Bacterium Pseudomonas aeruginosa, a pathogen that causes pneumonia, sepsis and other infections, communicates distress signals within a group of bacteria in response to certain antibiotics. This communication was found to vary across the colony and suggests that this bacterium may develop protective behaviors that contribute to its ability to tolerate some antibiotics.
“There is a general lack of understanding about how communities of bacteria, like the opportunistic pathogen P. aeruginosa, respond to antibiotics,” said Nydia Morales-Soto, senior research scientist in civil and environmental engineering and earth sciences (CEEES) at the University of Notre Dame and lead author of the paper. “Most of what we know is from studies about stationary biofilm communities, whereas less is known about the process beforehand when bacteria are colonizing, spreading and growing. In this study, our research team specifically reviewed the behavior of bacteria during this period and what that may mean for antibiotic resistance.”
The reported behavior was caused by tobramycin, an antibiotic commonly used in clinical settings, and resulted in a dual signal response. As this antibiotic was applied to a colony of P. aeruginosa, the bacteria produced a signal to a localized area of the colony—a Pseudomonas quinolone signal (PQS) that is known to occur—as well as a second, community-wide response, known as the alkyl hydroxyquinoline (AQNO).
The team mapped production of each response spatially, and determined that P. aeruginosa is capable of producing PQS in small pockets at significantly higher concentrations than previously recorded.

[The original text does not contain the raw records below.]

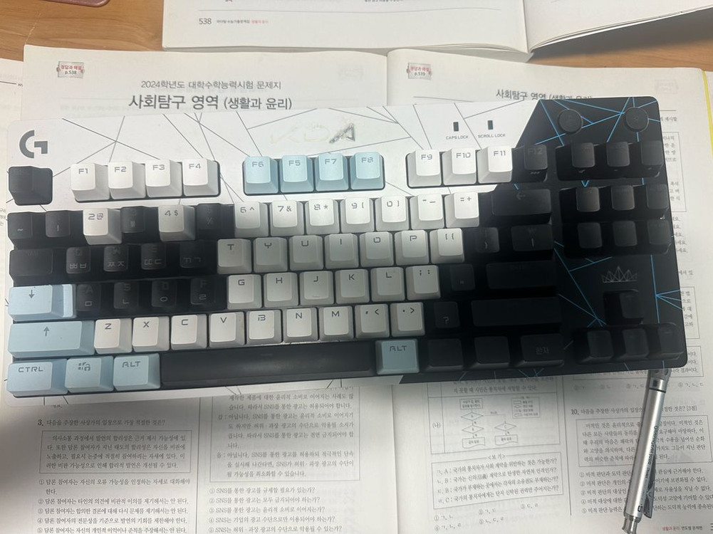 로지텍 키보드 g pro kda 판매 위에 이니셜이 조금 벗겨지기 하지만 그 외엔 다른 하자 전혀 없구 키 다 잘 눌립니다 키캡 다 있습니다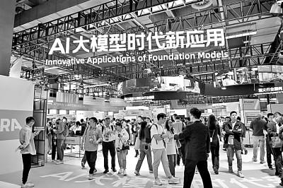 在杭州举办的2023云栖大会上,观众在“人工智能+”展馆参观人工智能产品及应用。新华社发
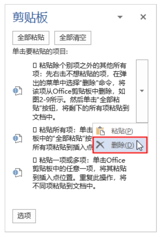 图2-11 从Office剪贴板中删除不需要的项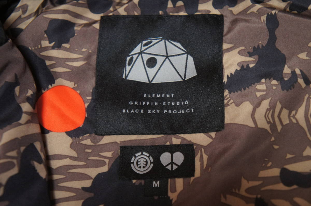 新品 エレメント ELEMENT ダウンジャケット アウター ジャンバー   ジャケット  格安 GRIHHIN STUDIO コラボ BLACK SKY PROJECT  定価47,300円 US Mサイズ 大き目で日本のLサイズ程度です。着丈68身幅57裄丈76(素人採寸の為、多少の誤差はお許し下さい。)新品未使用ですが、タグ等はありません。保管時についた気にならない程度のしわや汚れがある場合があります。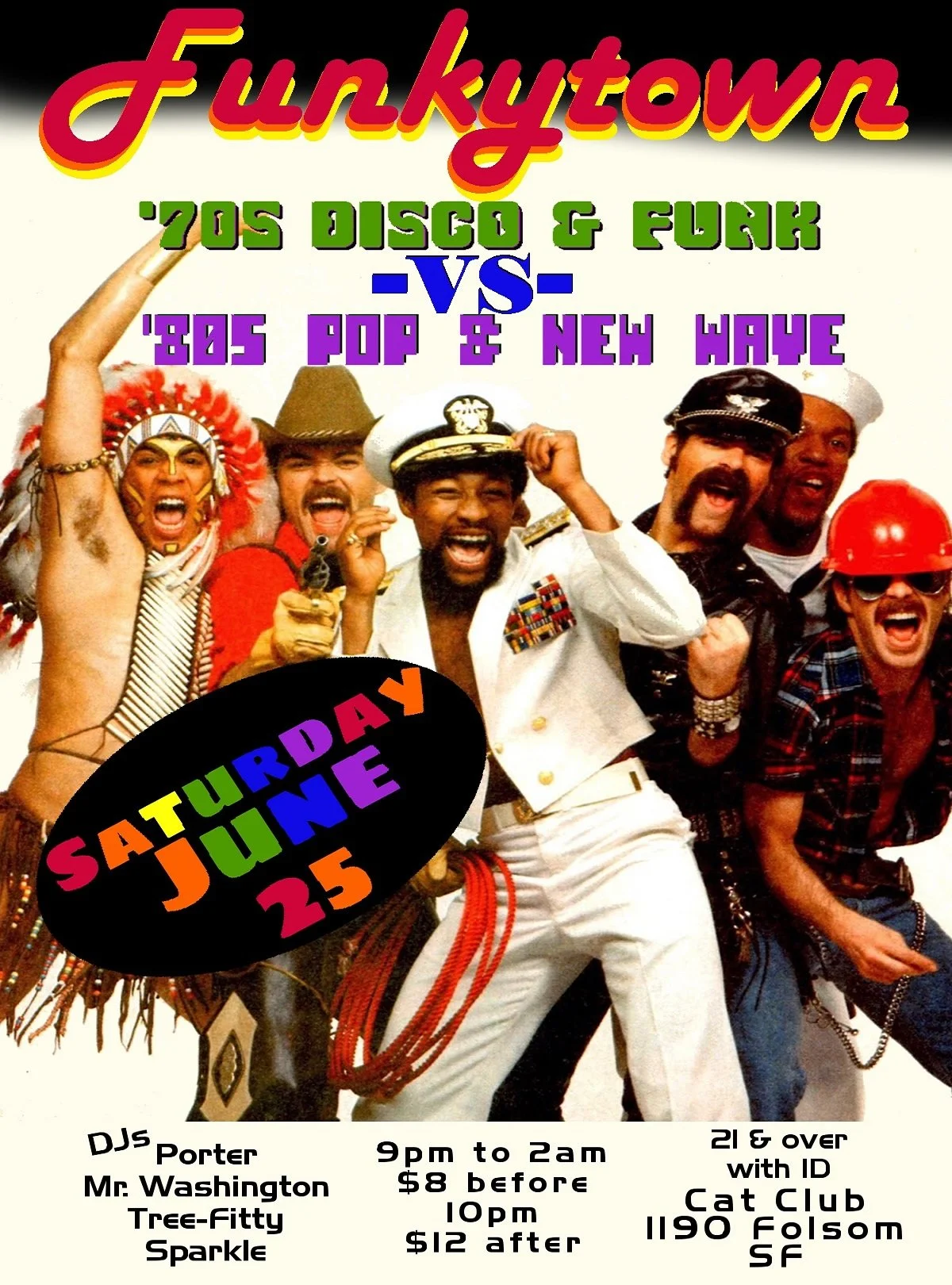 Get Funky every 4th Saturday at Cat Club! —— Come get your groove on with regular Funkytown DJ's MR. WASHINGTON, PORTER and TREE-FITTY, plus special guests as they play all the top disco and funk hits of the 70s in the backroom, and all the new wave and pop hits of the 80s in the front room. —— 9pm-2am $12 ($8 until 10pm) —— THE CAT CLUB 1190 Folsom, SF • 21+ (every 4th saturday)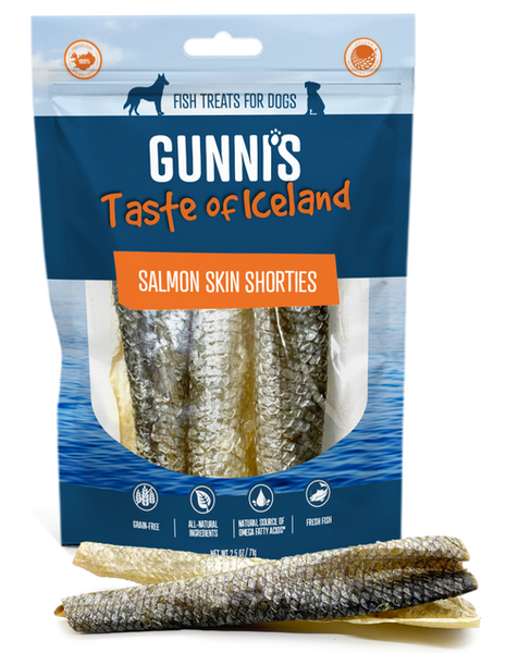 Our Salmon Skin Shorties are super tasty dog chews made from from 100% salmon skin strips. Each strip is 3-5" in length and full of flavor that your dog will adore. Each strip is loaded with Omega 3 & 6 Omega essential fatty acids. Your dogs are going to absolutely love this healthy treats!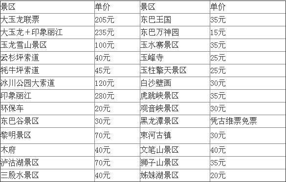 同時景區(qū)景點門票(單人價格)的參考價也有提及。其中一些景區(qū)景點單人價格為:大玉龍聯(lián)票205元(該票票含玉龍雪山景區(qū)、東巴谷景區(qū)、東巴王國景區(qū)、東巴萬神園景區(qū)、玉水寨景區(qū)、玉峰寺、玉柱擎天景區(qū)、白沙壁畫),大玉龍+印象麗江235元,玉龍雪山景區(qū)100元,印象麗江280元,冰川公園大索道120元,東巴谷景區(qū)30元,黎明景區(qū)70元,木府40元,瀘沽湖景區(qū)70元,虎跳峽景區(qū)35元,白沙壁畫30元,束河古鎮(zhèn)30元,文筆山景區(qū)40元。
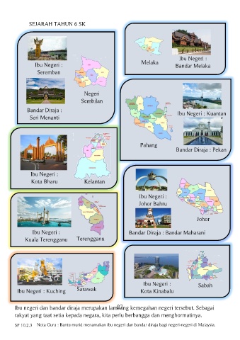 SP 10.2.3 Nota Guru : Bantu murid menamakan ibu negeri dan bandar diraja bagi negeri-negeri di Malaysia.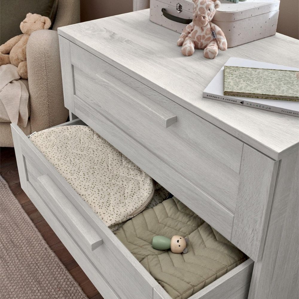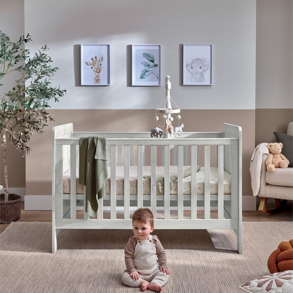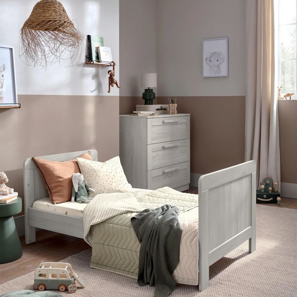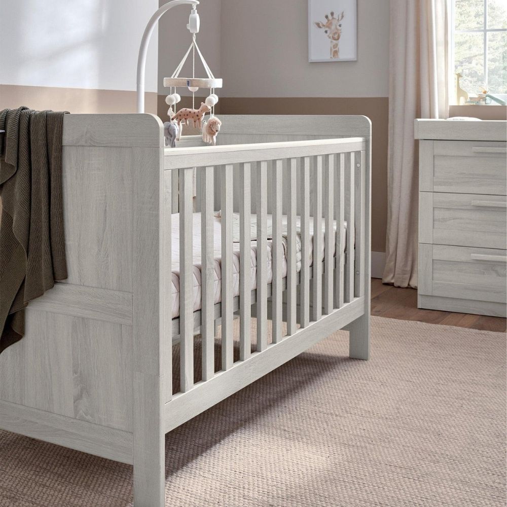 Our Atlas Small Cotbed range is a beautifully timeless three-piece nursery furniture set designed to make the most of smaller spaces without compromising on style or comfort. Thoughtfully crafted, the Small Cotbed fits snugly into more modest nurseries while providing a comfortable and spacious sleep environment. As your child develops, the Small Cotbed easily transforms into a toddler bed, keeping them sleeping soundly up to four years of age. Teamed with the Atlas wardrobe and dresser, this woodgrain finish collection creates a cohesive and classic nursery look. Meanwhile, its adjustable elements and storage remove the need to upgrade your furniture as your little one grows.
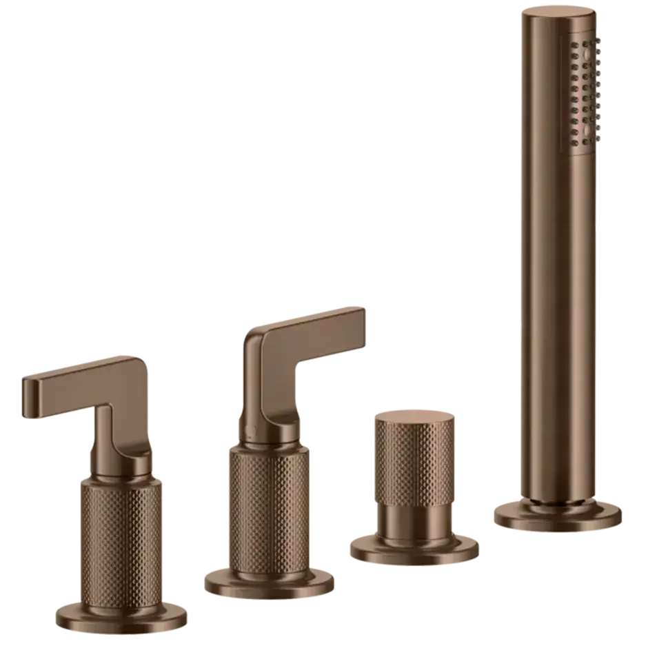 Gessi Inciso+ Смеситель для ванны на 4 отверстия для наполнения через слив-перелив, переключатель, шланг 1,50 м, цвет: black XL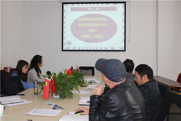 王俊校长要求行政班子成员应领会市委虞爱华书记和市教育局相关领导讲话精神,必须落实“十不得”禁令,真正做好“抓规范”、“抓排查”、“抓机制”、“抓考核”和“抓问责”等相关工作。并对近期初中部“跳绳比赛”、高中部“激情跑操”等活动的开展给予肯定。要求学部领导们要从每一位学生身心健康出发,提高课堂效率,做到“减负增效”,实现立德树人目标。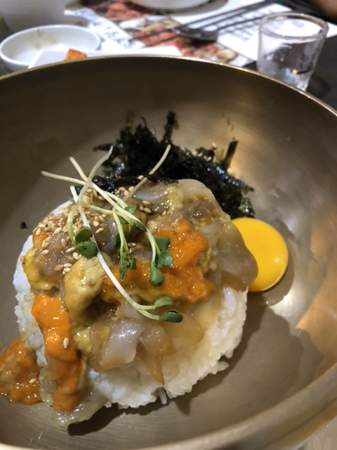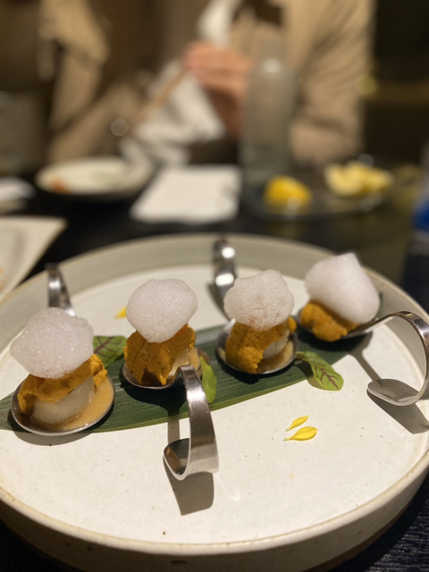 진짜 싫었던 메뉴. 관자구이+성게알인데 왜인지 냄새 구리고 비위 상하는 그런 메뉴였음ㅠㅠ 돈아까워..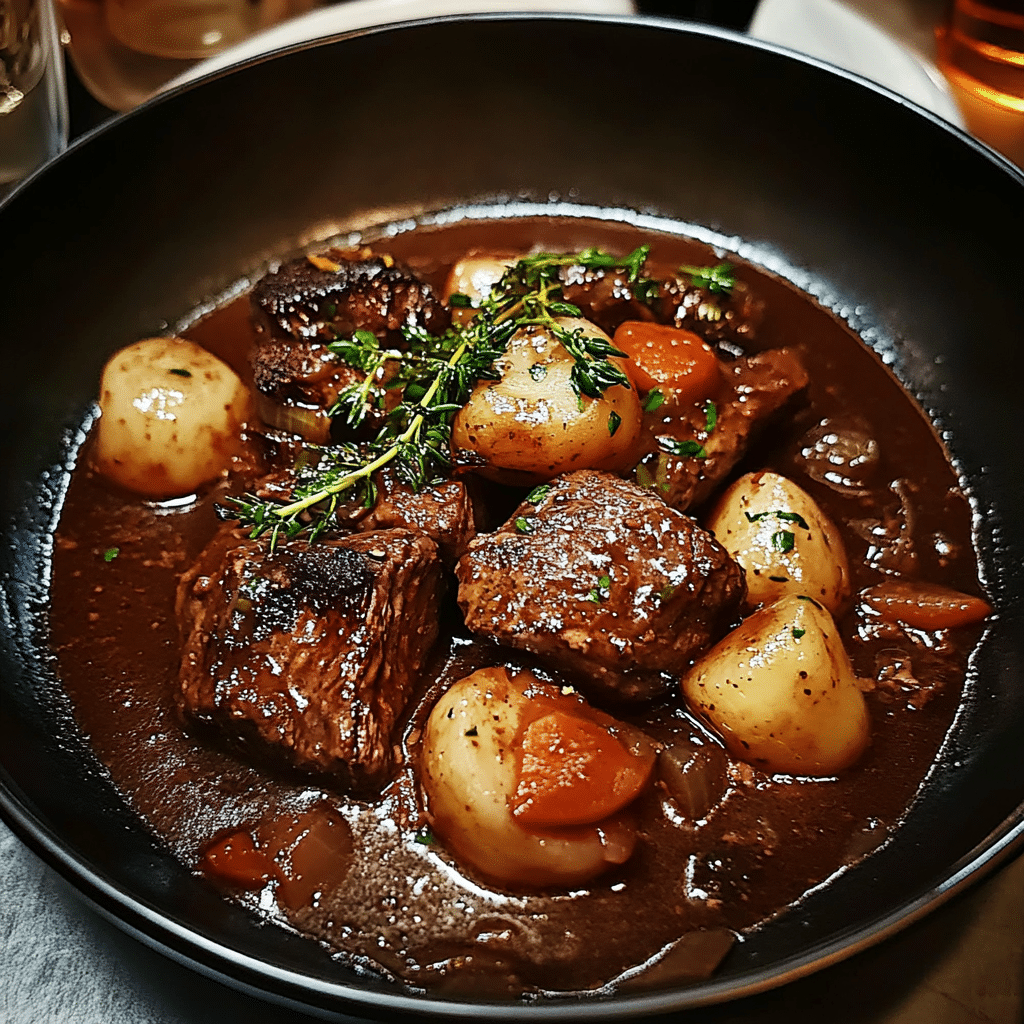 French Beef Bourguignon (Boeuf Bourguignon) is the epitome of rustic, slow-cooked comfort food that feels both hearty and elegant. This classic dish combines tender chunks of beef, rich red wine, smoky bacon, and a medley of aromatic vegetables into a deeply flavorful stew. Every bite is a perfect harmony of savory, earthy, and slightly sweet notes that make this dish a timeless favorite.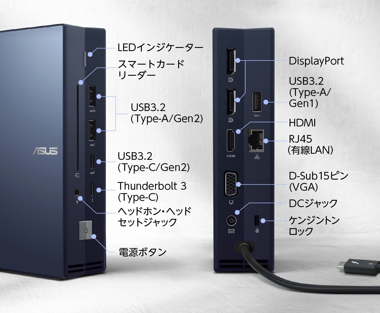 ASUS SimPro Dock 2は、ノートPCのUSB Type-Cポート経由で素早く接続できる便利な0.6mのケーブルを内蔵しており、こちらで、互換性のあるASUSの法人向けノートPCに対して最大120Wの電力を供給、かつ、充電効率を向上させます。また、ASUS SimPro Dock2 をノートPCと接続していない状態でも、接続したデバイスに対して急速充電が可能なUSBポートを搭載しています。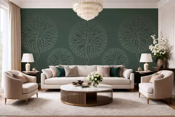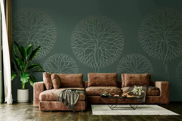 Carta da parati Alberi lineari fantastici con chiome rigogliose in eleganti tonalità verde scuro nr. w05213v2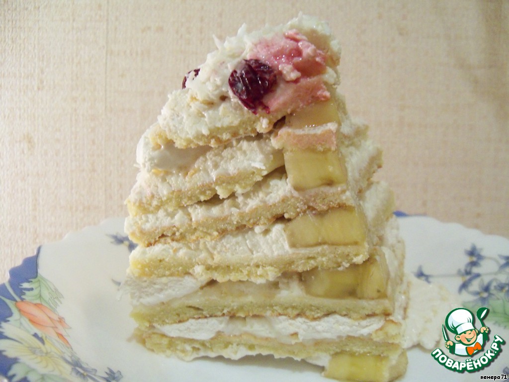 В банан вставить шпажку, на нее надеть вафлю, покрыть кремом, разложить зефир.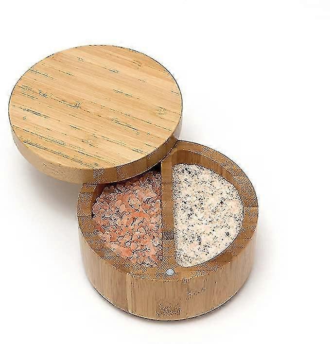 1Pc Storage Boxes Salt Box Wooden Bamboo Storage Box With Magnetic Swivel Lid Container For Kitchen Storage Containers Salt Box|Salt Pigs, Cellars ; Servers feature: Antibacterial and corrosion resistant Corrosion-resistant bamboo is an excellent raw material for making kitchenware. It is not only light, tough and hard, but also has a smooth surface and antibacterial properties. Rotating cover The salt box adopts a rotating lid design and is firmly closed by a magnetic lock. It can be easily opened with only one hand for quick access to spices during cooking. High-quality materials The salt box is made of natural high-quality bamboo, which has the characteristics of no cracking, no shavings, high hardness, and antibacterial. Easy to use Tear off the outer packaging when using it, rinse it with warm water, and use it immediately. After cleaning, hang out in a cool and ventilated place. application The storage box is suitable for storing sea salt, spices and office supplies, jewelry, bath and spa salt. Delivery Quantity: 1 Piece Product color: wood color Product size: 9*9*7cm
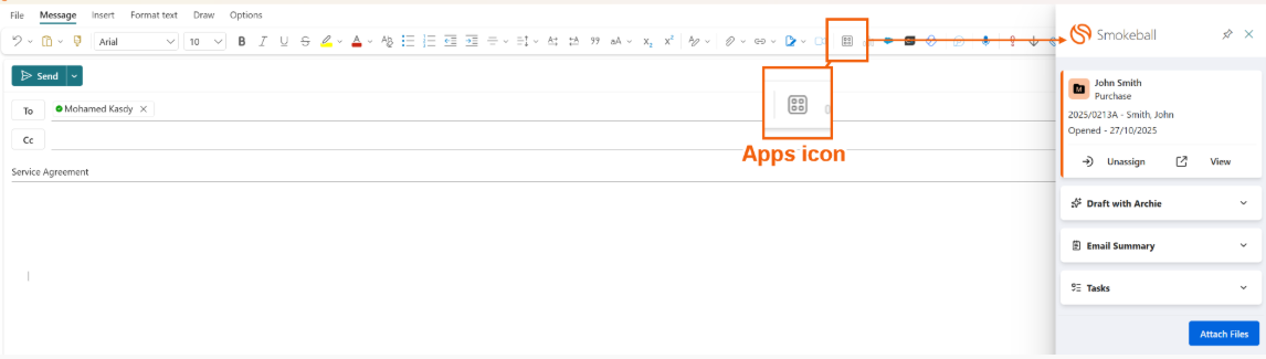 4.    Select Apps from the toolbar, then select Smokeball for Outlook again to display the Smokeball toolbar. This is where you can view the matter that this email will save to, and also attach any files from the matter to your email.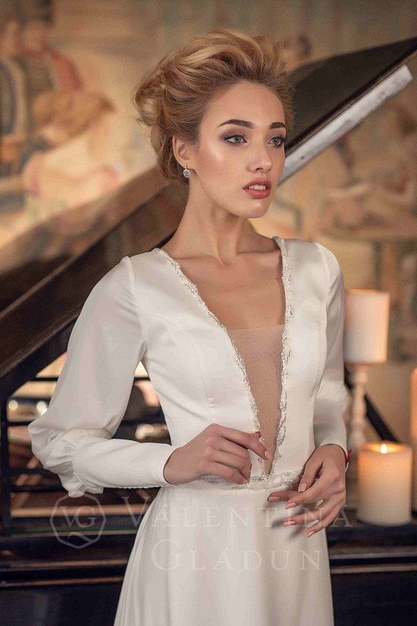 Лиф с глубоким V-образным декольте, которое украшено вышивкой бисером. Юбка легкая, струящаяся, с длинным шлейфом. По спинке застежка "молния" и фиксирующая шнуровка. Линию талии подчеркивает пояс с вышивкой бисером.Похожие модели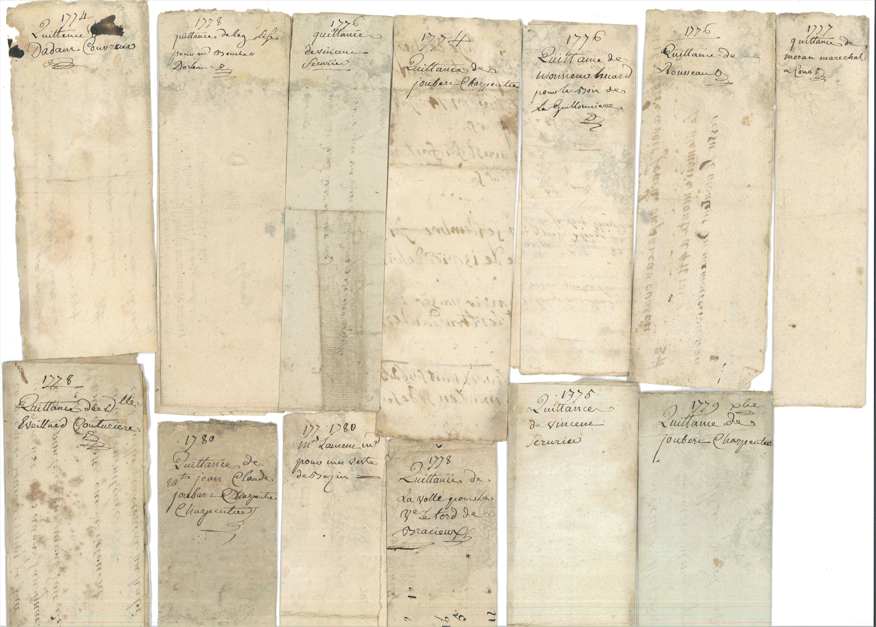 Env. 15 quittances, mémoires et lettres de change, 1774-1794 ;

These findings helped secure the paper’s selection as a JBC “Editor’s Pick,” a recognition only given to the top 2 percent of manuscripts published in the journal for a given year.
The study showed that PQS and AQNO are independently regulated responses that are intentionally communicating different messages. Additionally, this means the bacteria type may have some capability to protect the colony from some external toxins while the bacteria are still in a colonizing phase.
“Although the AQNO response identified in the paper is a stress-dependent behavior, it is such a new chemical message that it has not yet been definitively labeled as a signal. Although, based on our findings, we believe it is,” said Joshua Shrout, associate professor of CEEES and concurrent associate professor of biological sciences at the University of Notre Dame and co-author of the paper. “Regardless, this work opens a new window into understanding P. aeruginosa behavior and potentially how this bacterium promotes tolerance to antibiotics.”
The studywas able to identify a unique bacterial behavioral response because of the team’s distinctive research method. The group utilized both Raman spectroscopy and mass spectrometry to complete a deliberate analysis, pixel by pixel, from hundreds of thousands of pixels in their chemical images. This detailed process is what allowed the researchers to identify the two distinct chemical responses of the bacteria to tobramycin, which can be otherwise easily missed. The method is also a unique process developed by this specific team of researchers.